Alexander N. Fursenko and Nikolai N. Bolkhovitinov, two patriarchs of Russian American studies, died in 2008.1 Their achievements were probably the highest points of Soviet studies of history of the United States, and their deaths have become a watershed in modern Russian scholarship. A new generation of scholars is now taking the lead in studying and teaching U.S. history in Russia. The approaches and favorite topics of this new group of scholars differ from those of the older Americanists, as do their environment and their students. At the start of the new millennium, U.S. history courses in Russian universities are an integral part of the curricula at the B.A., M.A., and Specialist levels.2 The contexts of teaching American history in Russia have changed markedly over the past fifty years. During the Cold War, Soviet universities loaded their curricula with an ideologically defined image of the Soviet Union's “main adversary” in a bipolar standoff. In the 1990s a romanticized image of the United States began to prevail, when the end of the Cold War helped scuttle old priorities linked to the search for social and class conflicts. More recently, the foreign policies of the George W. Bush administration and another American crusade to reform Russia have aroused a new wave of demonization in official and popular discourses.
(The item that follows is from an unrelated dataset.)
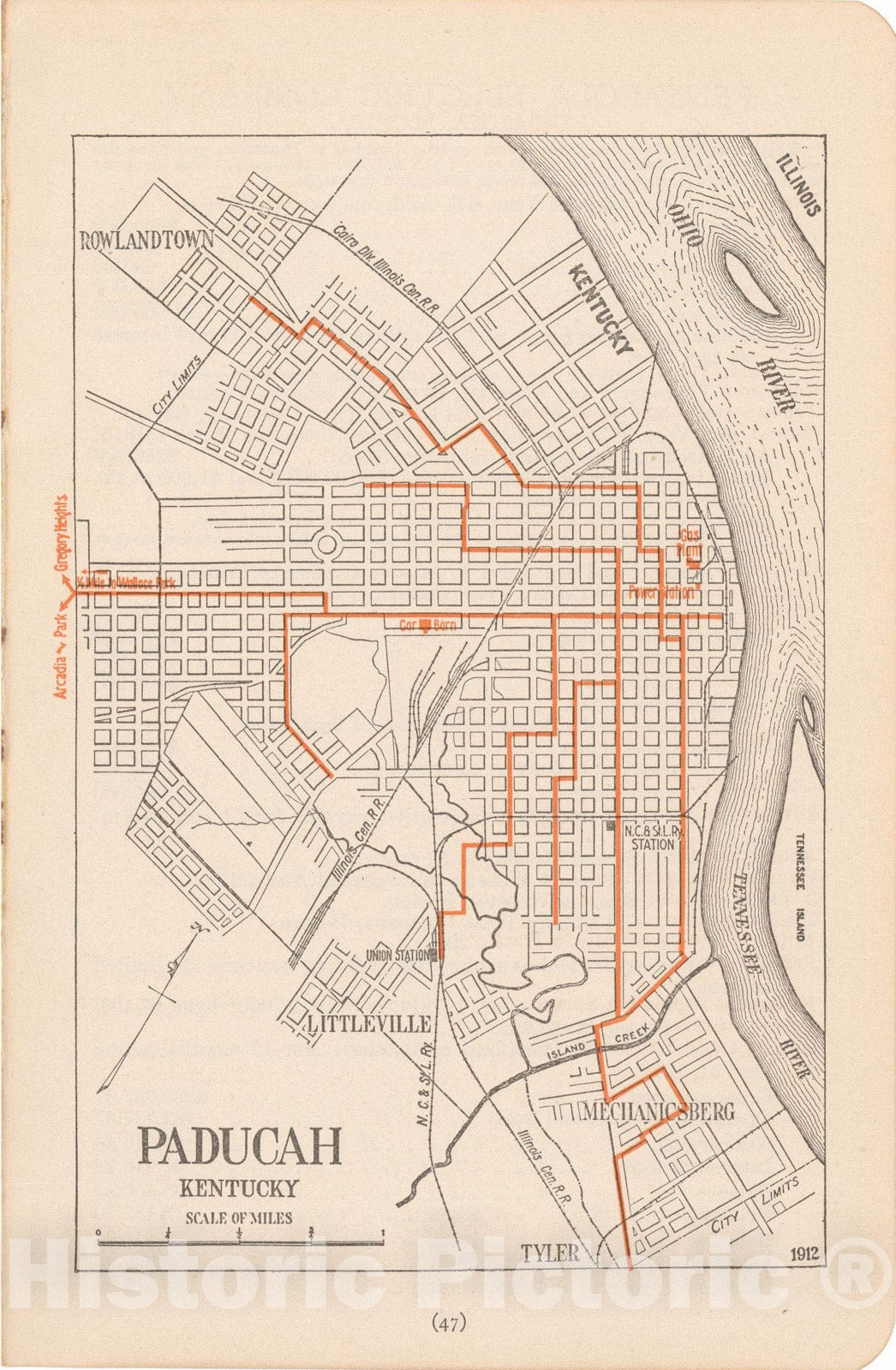 Historic Map : Paducah 1914 , North American Electric Power and Traction Companies , Vintage Wall Art

Nevertheless, students' pragmatic interest in the United States as a place of work and travel and as a source of education for those planning international careers has encouraged the introduction of additional courses on American history. Since the end of the Cold War, the students have changed, too. Those who apply to American studies programs and take American history classes differ from their predecessors in many respects. Often, they have personal experience traveling to the United States (for instance, participating in the popular Work and Travel usa program). These students speak fluent English and frequently seek opportunities to participate in exchange programs with American universities or to continue their education there. They choose courses on U.S. history because the United States inspires them with its opportunities; they also readily participate in student panels at academic conferences.3 This new level of student familiarity with America poses a challenge for their professors, who no longer hold a monopoly on knowledge of the United States; a student's personal experience may exceed that of his or her teacher.